3. Input using InputStreamReader class DataInputStream (depreciated) / BufferedReader & InputStreamReader

import java.io.*;
class InterestCalculator
{
public static void main(String args[]) // throws IOException 
{
try{
float principalAmount = 0;
float rateOfInterest = 0;
int numberOfYears = 0;
String tempString;
//DataInputStream in = new DataInputStream(System.in);
BufferedReader reader = new BufferedReader(new InputStreamReader(System.in));
//BufferedReader & InputStreamReader classes are defined in 'io' package, 'reader' is the object
String tempString;
System.out.println("Enter Principal Amount: ");
System.out.flush();			
//clean the buffer
tempString = reader.readLine();
principalAmount = Float.parseFloat(tempString);	
//string value is converted into float value
System.out.println("Enter Rate of Interest");
System.out.flush();
tempString = reader.readLine();
rateOfInterest = Float.parseFloat(tempString);
System.out.println("Enter Number of Year");
System.out.flush();
tempString = reader.readLine();
numberOfYears = Integer.parseInt(tempString);
// converts string into integer
// Input is over: calculate the interest
float interestTotal = principalAmount*rateOfInterest*numberOfYears;
System.out.println("Total Interest = " + interestTotal) ;
System.out.printf("Formatted Output = %.4f\n", interestTotal);  
System.out.printf("Width of 20 characters before decimal = %20.4f\n", interestTotal) ;
}
catch(Exception ex) { }
}}

Here, %.4f refers to 4 digits after decimal, \n for new line as we have given printf, which is a formatted print statement, %20.4f refers to 20 characters before decimal and 4 digits after decimal.

Scope Rule Class Scope

import java.util.*;
class Box{
	float x = 1;
	float y = 2;
	float length = 12;
	float width = 6;
	double area(){
		return(length*width);
	}
}
class Circle{
	float x = 11;
	float y = 12;
	float radius = 5;
	double area(){
		return(3.14 * radius * radius);
	}
}
class ScopeRule{
	static float x = 10;
	float y = 20;
public static void main(String args[])	{
	Box b1 = new Box();
	Circle c1 = new Circle();
	System.out.println("Main class data: " + x);
	System.out.println("Box class data: " + b1.x);
	System.out.println("Circle class data: " + c1.x);
	System.out.println("======================");
	System.out.println("Box Area: " + b1.area());
	System.out.println("Circle Area: " + c1.area());
}
}

Block Scope

Instance variables and Class variables Java does not allow global variables.
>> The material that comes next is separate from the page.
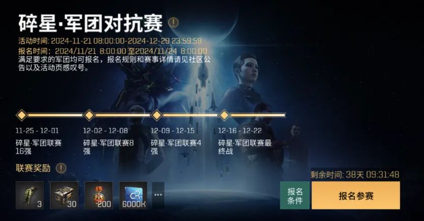 1.比赛前,每支军团需要提前报名,报名截止时间为2024年11月24日08:00:00。

Every variable in Java must be declared inside a class. The keyword static is used to make a variable just like a global variable. A variable declared with a static keyword is called a class variable. It acts like a global variable, that is, there is only one copy of the variable associated with the class. That is, one copy of the variable regardless of the number of instances of the class.
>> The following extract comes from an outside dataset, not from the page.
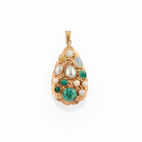 di forma a goccia con perle, opali e malachite taglio rotondo ed ovale cabochon.

Static Method Static methods have the keyword static before the method name. We don’t need an object to call a static method. Eg:

public static class Circle{
	float x = 11;
	float y = 12;
	float radius = 5;
	double area(){
		return(3.14 * radius * radius);
	}
}
class Box{
	float x = 1;
	float y = 2;
	float length = 12;
	float width = 6;
	double area(){
		return(length*width);
	}
}

class ScopeRule{
	static float x = 10;
	float y = 20;
public static void main(String args[]) {
	Box b1 = new Box();
System.out.println("Box class data: " + b1.x);
System.out.println("Circle class data: " + Circle.area());
}}

Nested Class

Static Nested class A static nested class is a static member of the outer class. It does not have access to the instance variables / objects of the outer class. You can create an instance / object of a static nested class without creating an instance of the outer class. Eg:

public class Outer {
    static class Nested {
        void display() {
            System.out.println("This is a static nested class.");
        }
    }
}

public class Main {
    public static void main(String[] args) {
        Outer.Nested nestedObj = new Outer.Nested();
        nestedObj.display();
    }
}

we use the dot (.) operator to create instances of inner classes using the outer class.
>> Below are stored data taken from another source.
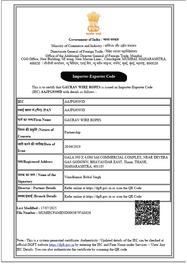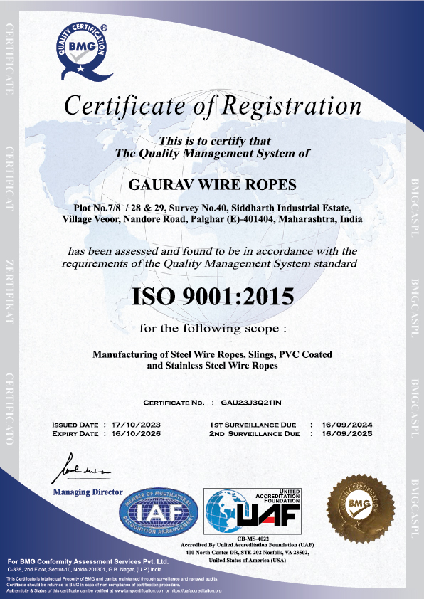At Gaurav Wire Ropes, quality, compliance, and global credibility form the foundation of our manufacturing excellence. Our operations are guided by the ISO 9001:2015 Total Quality Management System, ensuring consistent product reliability, streamlined processes, and continual improvement across all functions. Additionally, our IEC (Import Export Code) Certificate empowers us to seamlessly serve international markets with trusted products that meet global standards. Together, these certifications reflect our commitment to delivering superior wire rope solutions with integrity, precision, and complete customer satisfaction.
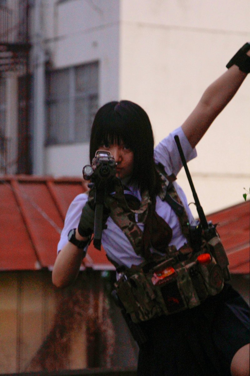 女の子が片手で銃持ってるの、映画みたいでかっこいいな??🥰
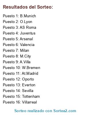 Lista de participantes: W.Bremen, M.City, Valencia, AS Roma, A.Villa, O.Lyon, Tottenham, Everton, Arsenal, Oporto, Milan, Villarreal, Sevilla, At.Madrid, B.Munich, Juventus.

29-02-2024 Recursion in Java

import java.util.*;
class FactorialRecursive {
	protected int factorial(int x){
		if(x==0){
			return 1;
		} else {
			return (x*factorial(x-1));
		}
	}
	public static void main(String args[]){
		FactorialRecursive x = new FactorialRecursive();
		Scanner s = new Scanner(System.in);
		System.out.println("Enter the number: ");
		int userInput = s.nextInt();
		//int userInput = Integer.parseInt(args[0]);
		int calculatedValue = x.factorial(userInput);
		System.out.println("The Factorial of " +  userInput + " is " + calculatedValue);
	}
}

Output:

IMPORTANT NOTE: The key is that each recursive call multiplies the current value of x with the result of the next smaller value. So, factorial(4) effectively multiplies 4 × 3 × 2 × 1, which equals 24. The base case (if (x == 0) or if (x == 1)) is crucial as it ensures that the recursion stops.

Method Overriding It is used in runtime polymorphism. Method should have the same name as the parent class. Method should have the same parameters as the parent class.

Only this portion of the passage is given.